▶ [Aim of the task]: Your copy should contain exactly the lines from the start of the material through the line containing "World Scrabble Championships)上,他打败了很多说法语的选手,摘得了总冠军。", and no pictures.

▶ [Records supplied]:
# # # # #
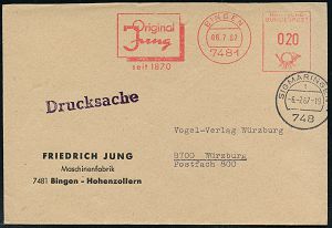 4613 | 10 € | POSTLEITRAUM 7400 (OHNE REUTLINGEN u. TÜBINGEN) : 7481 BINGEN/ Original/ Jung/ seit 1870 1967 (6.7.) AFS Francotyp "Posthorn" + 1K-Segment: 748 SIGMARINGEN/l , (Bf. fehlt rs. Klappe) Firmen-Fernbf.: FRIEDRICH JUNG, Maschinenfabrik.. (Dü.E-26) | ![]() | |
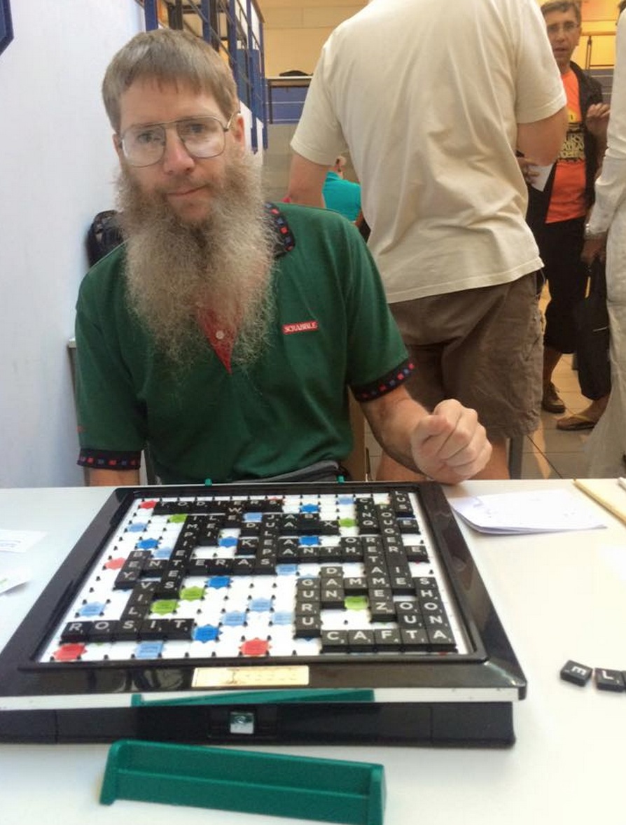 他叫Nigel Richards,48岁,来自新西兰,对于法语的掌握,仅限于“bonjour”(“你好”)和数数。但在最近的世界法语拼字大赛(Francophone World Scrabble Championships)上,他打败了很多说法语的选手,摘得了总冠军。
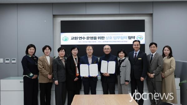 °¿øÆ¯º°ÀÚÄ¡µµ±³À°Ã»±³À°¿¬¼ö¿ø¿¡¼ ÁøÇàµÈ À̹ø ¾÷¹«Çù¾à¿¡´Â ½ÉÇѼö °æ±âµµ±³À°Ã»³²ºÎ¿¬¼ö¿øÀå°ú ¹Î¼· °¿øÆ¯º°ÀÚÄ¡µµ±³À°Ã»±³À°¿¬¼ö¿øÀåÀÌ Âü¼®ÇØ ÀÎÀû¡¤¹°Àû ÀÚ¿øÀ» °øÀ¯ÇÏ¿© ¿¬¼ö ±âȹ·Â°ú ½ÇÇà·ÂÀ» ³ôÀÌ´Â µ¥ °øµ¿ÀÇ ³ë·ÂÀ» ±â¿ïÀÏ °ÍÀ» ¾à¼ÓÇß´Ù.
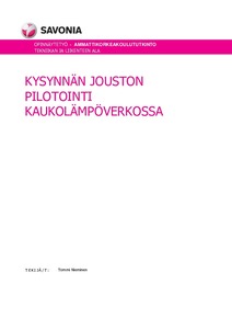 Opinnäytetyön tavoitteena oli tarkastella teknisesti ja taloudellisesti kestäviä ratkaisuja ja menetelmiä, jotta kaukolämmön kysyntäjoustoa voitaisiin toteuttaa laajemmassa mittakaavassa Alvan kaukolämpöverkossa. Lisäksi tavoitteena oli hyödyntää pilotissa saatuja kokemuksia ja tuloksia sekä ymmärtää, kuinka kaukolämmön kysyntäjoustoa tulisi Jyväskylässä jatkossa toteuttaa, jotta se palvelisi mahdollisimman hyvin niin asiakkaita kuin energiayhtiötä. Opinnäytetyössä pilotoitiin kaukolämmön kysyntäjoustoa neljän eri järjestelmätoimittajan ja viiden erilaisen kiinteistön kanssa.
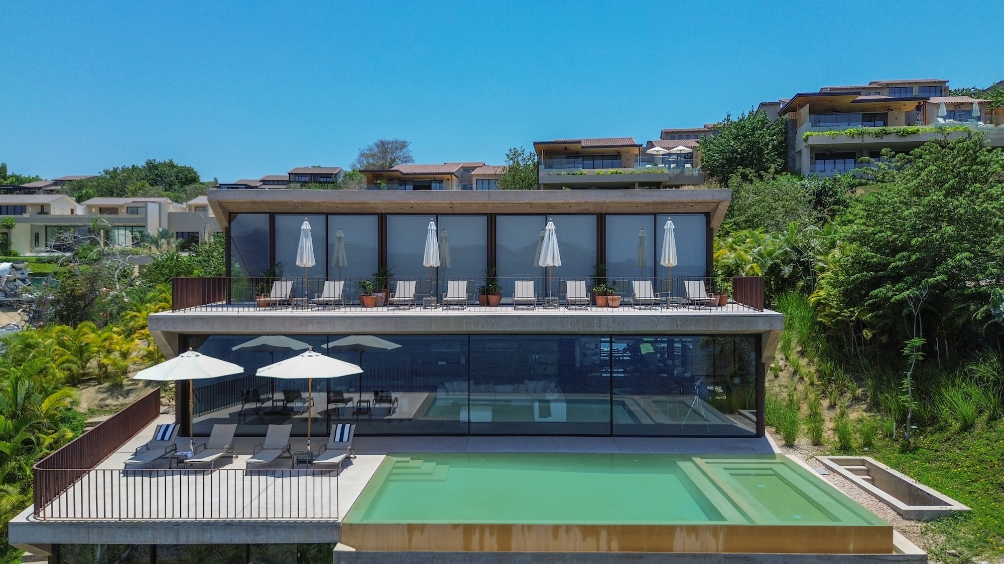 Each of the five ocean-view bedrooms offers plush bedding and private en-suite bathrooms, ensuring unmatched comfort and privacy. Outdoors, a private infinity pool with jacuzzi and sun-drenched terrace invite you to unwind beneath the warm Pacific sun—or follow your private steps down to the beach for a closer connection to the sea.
# # # # #
▶ [Response to this task]:
 4613 | 10 € | POSTLEITRAUM 7400 (OHNE REUTLINGEN u. TÜBINGEN) : 7481 BINGEN/ Original/ Jung/ seit 1870 1967 (6.7.) AFS Francotyp "Posthorn" + 1K-Segment: 748 SIGMARINGEN/l , (Bf. fehlt rs. Klappe) Firmen-Fernbf.: FRIEDRICH JUNG, Maschinenfabrik.. (Dü.E-26) | ![]() | |
 他叫Nigel Richards,48岁,来自新西兰,对于法语的掌握,仅限于“bonjour”(“你好”)和数数。但在最近的世界法语拼字大赛(Francophone World Scrabble Championships)上,他打败了很多说法语的选手,摘得了总冠军。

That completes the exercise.